Selon Sandrine Rousseau, le problème vient aussi de la gouvernance masculine de l’institution. Comme dans 7 des 10 IEP, il n’y a jamais eu de femmes à la direction de Sciences Po Lille. Pour l’ancienne candidate, ce leadership masculin a des conséquences sur le traitement des violences sexuelles et sexistes : « Quand on est une femme victime, on ne va pas aller parler des violences qu’on a subies sur son vagin ou sur ses seins à une équipe de direction uniquement masculine. » Sur ce point, Pierre Mathiot admet ne pas être la personne la plus indiquée pour recueillir les témoignages de violences sexistes et sexuelles. Il reconnaît cependant : « Je suis, comme dirait l’autre, un homme ci-genre hétéronormé blanc de plus de 50 ans : il va de soi que les étudiantes ne sont pas forcément à l’aise pour venir me parler sur les questions qui relèvent de l’intime. » Le directeur de Sciences Po Lille confie qu’il a aussi fait un “travail sur lui” pour être plus à l’écoute. « Après, à Lille, nous avons une équipe de direction qui est très féminine, puisqu’il y a plus de femmes que d’hommes (j’en suis très fier !) et il y a une vraie division des rôles : c’est-à-dire que les personnes qui s’occupent des violences sexistes et sexuelles sont des femmes. » ajoute celui qui, deux ans plus tôt, a été élu au poste de directeur de Sciences Po Lille face à Sandrine Rousseau. 
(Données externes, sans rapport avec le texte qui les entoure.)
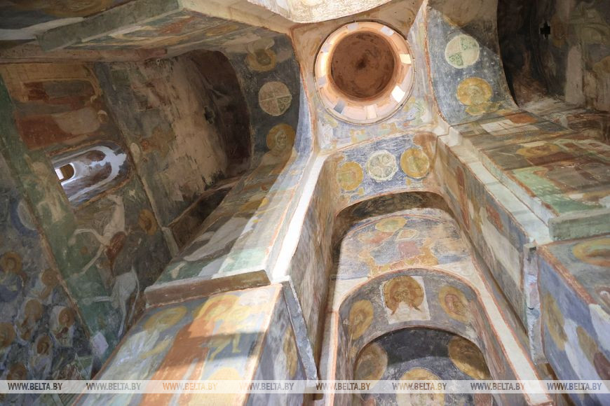Спасо-Преображенская церковь построена в XII веке, храм расписан уникальными фресками, которые на 90% сохранились. Первые реставрационные работы начались в 1991 году. У стен церкви в последние годы также идут раскопки. В 2015 году археологи установили, что храм в первоначальном виде был значительно больше. В свое время к нему были пристроены галереи, а со стороны входа находился экзонартекс. В 2018 году специалисты на глубине около 3 м откопали остатки помещения, где, предположительно, мог быть захоронен отец Евфросинии Полоцкой. Примеров такого подземелья в древнерусской архитектуре X-XIII веков в Восточной Европе не встречалось, что подтверждает индивидуальный подход в строительстве храма по заказу святой.-0-
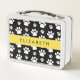 Paw Pattern, Dog Paws, Black and White, Your Name Metal Lunch Box
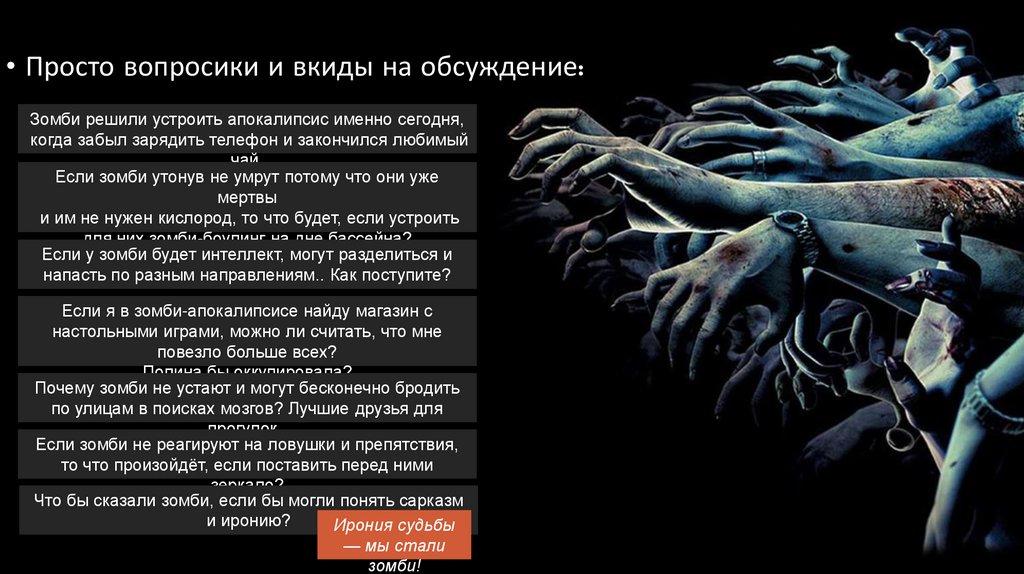 • Просто вопросики и вкиды на обсуждение:Зомби решили устроить апокалипсис именно сегодня,

Sandrine Rousseau – Photo : Joël Saget, AFP

Le monde  de la politique est un monde d’hommes. Ça se voit dans le gouvernement actuel qui revendique une forme de filiation avec Sciences Po et l’ENA : depuis le remaniement ministériel il n’y a plus une femme qui parle dans ce gouvernement. Si on veut que le monde de la politique bouge, il faut aussi que Sciences Po bouge.
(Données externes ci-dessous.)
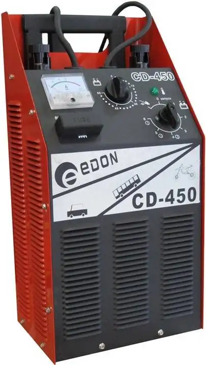 Пуско-зарядное устройство Edon CD-450 предназначено для зарядки батарей емкостью от 40 до 400 Ah, что подходит для различных типов автомобилей. Оно работает при напряжении 220 V и может заряжать батареи напряжением 12 V и 24 V. Мощность зарядки составляет 950 Вт, а пусковой ток достигает 300 А, что позволяет быстро завести автомобиль даже при сильном разряде. Устройство обладает рядом важных характеристик, обеспечивающих безопасную и эффективную работу. Его габариты — 36 × 31 × 63 см, вес — около 15,4 кг, что делает его удобным для переноски и хранения. Благодаря высокой мощности и надежности, оно подойдет для использования в автосервисах и на станциях технического обслуживания. Ниже приведены дополнительные функции, которые повышают удобство использования:

Plébiscitée par les étudiant·e·s, la candidature de cette dernière au poste de direction en 2019 a été très mal accueillie par les membres du conseil d’administration : « J’ai reçu beaucoup de violence pendant cette campagne avec beaucoup de remarques sexistes. » Parmi ceux qui ont voté contre elle : Gérald Darmanin et Olivier Duhamel, ce dernier lui ayant pourtant affirmé ne jamais prendre part au vote dans les directions de Sciences Po. Elle raconte sa surprise en apprenant que Gérald Darmanin aurait fait opposition à sa candidature : « M. Darmanin a appelé des gens pour les inciter à voter contre moi.«  Des propos que le locataire de la place Beauvau juge diffamatoires. Pour Sandrine Rousseau, cet échec électoral est révélateur des dysfonctionnements de l’école : « La violence de cette campagne, la manière dont on appréhende les violences sexistes dans cet établissement et ce vote du CA, je crois que ça dit quelque chose d’une forme de maintien d’un ordre établi. » Plus généralement, la femme politique notamment candidate à la primaire de EELV, décèle aussi une continuité entre #SciencesPorcs et ce qui se passe dans le monde politique, suite logique du parcours Sciences Po : « Le monde  de la politique est un monde d’hommes. Ça se voit dans le gouvernement actuel qui revendique une forme de filiation avec Sciences Po et l’ENA : depuis le remaniement ministériel il n’y a plus une femme qui parle dans ce gouvernement. Si on veut que le monde de la politique bouge, il faut aussi que Sciences Po bouge.«  Des propos qui résument l’un des enseignements les plus importants à retirer de #SciencesPorcs, à savoir que si Sciences Po fabrique “l’élite de la nation”, c’est aussi un devoir d’exemplarité qui lui incombe. 

12 associations féministes ainsi que les directions des 10 établissements Sciences Po ont été contactées. Seules celles citées dans l’article ont répondu à nos sollicitations.